-."Cuando se daba este magnífico fenómeno mágico podías ver, pastando en una vasta y verde pradera, al "Platero" de Juan Ramón Jiménez junto a "Rocinante", el valiente caballo del ingenioso hidalgo Don Quijote de la Mancha como la cosa más natural del mundo; como si los tiempos, lo ficticio y/o lo irreal no existieran".-
Como en la película "Una noche en el museo" donde las esculturas y los personajes de la historia de la humanidad cobran vida, en esta humilde pero variada biblioteca personal de algún fanático de la lectura acontecía algo similar, aunque nadie lo sabía. Así, en esos específicos días fantásticos, Jorge Luis Borges podía discurrir con "El Negro" Fontanarrosa, cafés de por medio, respecto de fútbol como la charla más real del mundo… ¡Y así lo era! Entonces el creador de "El Aleph" y "Ficciones", esgrimía a los cuatro vientos que dicho deporte no era importante mientras que el fanático acérrimo de los "Canallas" del club Rosario Central, decía que no hay nada más lindo que dicho juego.
Este mágico suceso se daba exactamente dos veces al año, a mediados de los meses de marzo y septiembre; más precisamente en cada equinoccio, momento en que el sol está situado en el plano del ecuador celeste. En ese instante el astro alcanza el cenit, el punto más alto en el cielo y entonces la más pura fantasía se hacía realidad en ese ámbito privado.

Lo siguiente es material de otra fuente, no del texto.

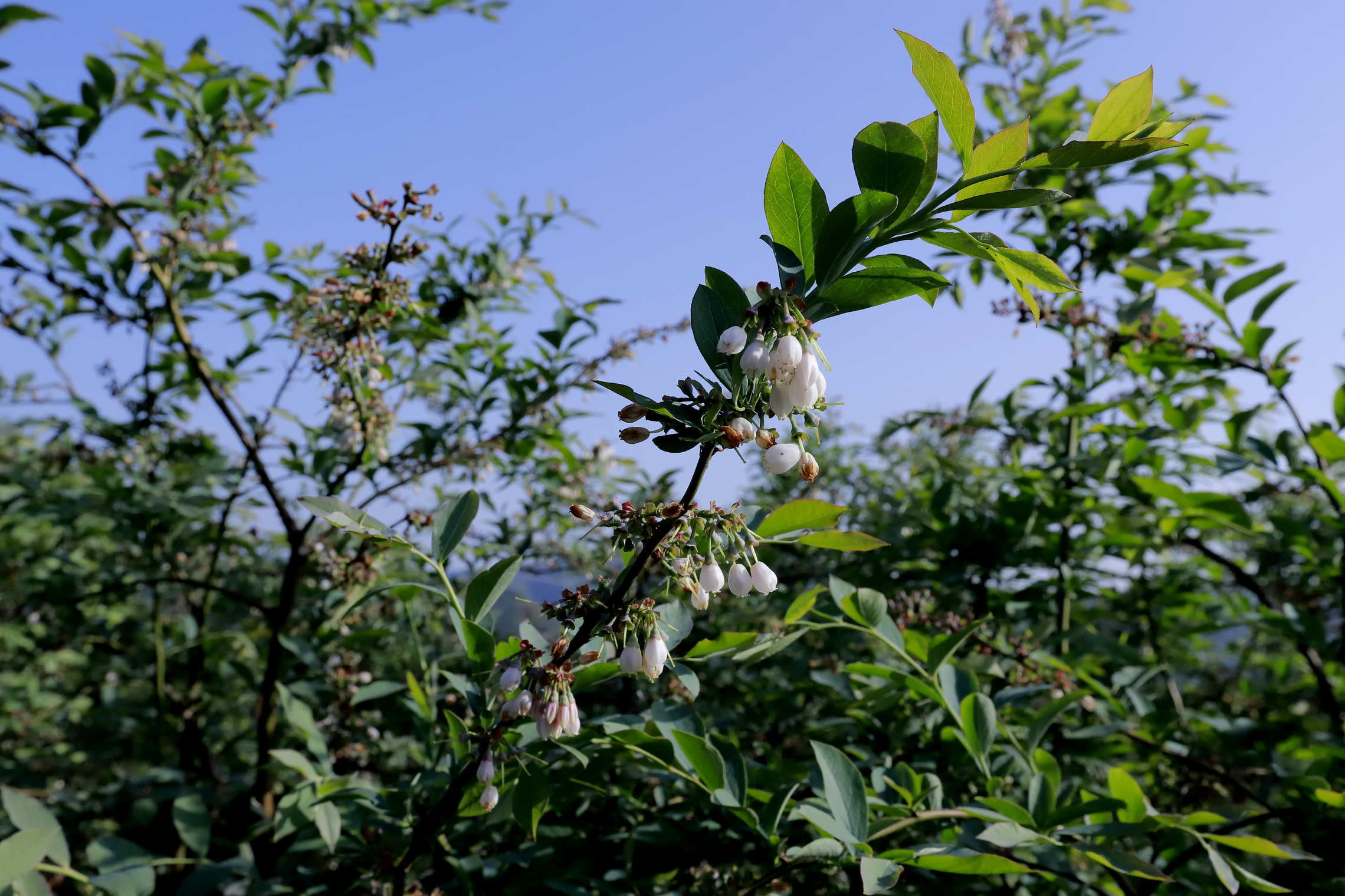 百闻不如一见,在吴支书的带领下,记者来到硐口村万亩蓝莓基地,放眼望去,一片春意盎然,如白玉灯笼般的蓝莓花竞相绽放。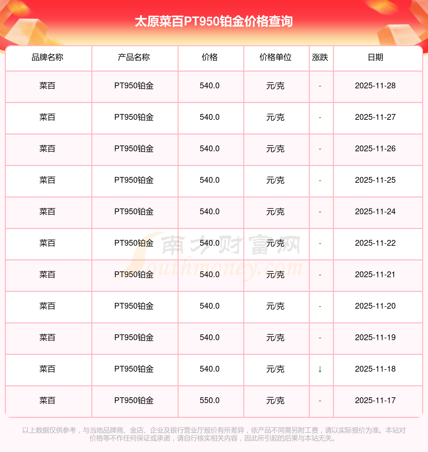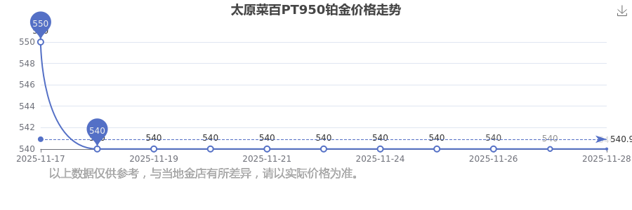 今日(2025年11月29日)太原菜百PT950鉑金最新價格為540.0元/克。

Maravillosamente, cuando eso acontecía, el Capitán Nemo y Sandokán, "El tigre de la Malasia", podían trazar mapas marítimos con sus sextantes, brújulas y astrolabios sobre una mesa cualquiera bajo la atenta mirada de Jacques Cousteau, como la reunión más normal del universo. También así juntabanse para jugar tranquilamente Mafalda con Patoruzito, y los hijos del Capitán Grant. Todo era posible en esos días prodigiosos y en esa biblioteca fantástica. No faltaba tampoco una animada tertulia frente a sendas tazas con exquisito té londinense, entre Madame Bovary, Dorian Gray, James Bond y Sir Artur Conan Doyle.
Se cree que este fenómeno se daba así y en esas fechas específicas debido a que los 2 primeros libros que iniciaron la gran colección fueron: uno de magia y otro de astronomía. ¡Más de 1000 obras completaban los anaqueles de dicha biblioteca! Sea cual fuera la razón, allí estaban emergiendo de cada ejemplar y de cada historia, sus personajes y/o autores para dar vida a la más linda irrealidad… Martin Fierro conversando animadamente con el pícaro "Laucha" de Payró y el Doctor Watson (compañero entrañable y fiel del detective inglés Sherlock Holmes). Los Capuleto y los Montesco en total armonía y paz junto a la amplia familia del Coronel Aureliano Buendía, prestos a compartir un delicioso tentempié.
¡Y Diógenes, del humorista Tabaré, ladrando a más no poder a la par de Pichichus de García Ferré!
¡Qué fantásticos libros mágicos aquellos!
Como en el dibujo animado de Disney donde los juguetes cobran vida cuando los humanos no los ven, aquí, en esta sala llena de papel, la más pura ilusión se hace realidad. "Los cronopios y los famas", los alquimistas, los cazadores de arcas perdidas, los buscadores de oro… Colmillo Blanco, Moby Dick, "Campanita" de Peter Pan y Don Gato y su pandilla… todos convivían y compartían sus historias en total comunión y armonía.
Como si se tratara de una profecía del mismísimo Nostradamus, en la puerta de la biblioteca colgaba un cartel que esgrimía:
"Del otro lado de esta puerta encontrarás un mundo genial, un lugar mágico donde todo es posible; un mundo fantástico y real"
Y vaya que así lo era!
Edmundo Dantés, Emily Bronte, Alfonsina Storni… juntos conversando. Ulises y el enfermo imaginario; Afrodita y Tom Sawyer… "La dama de las camelias" y "El ombre bicentenario"…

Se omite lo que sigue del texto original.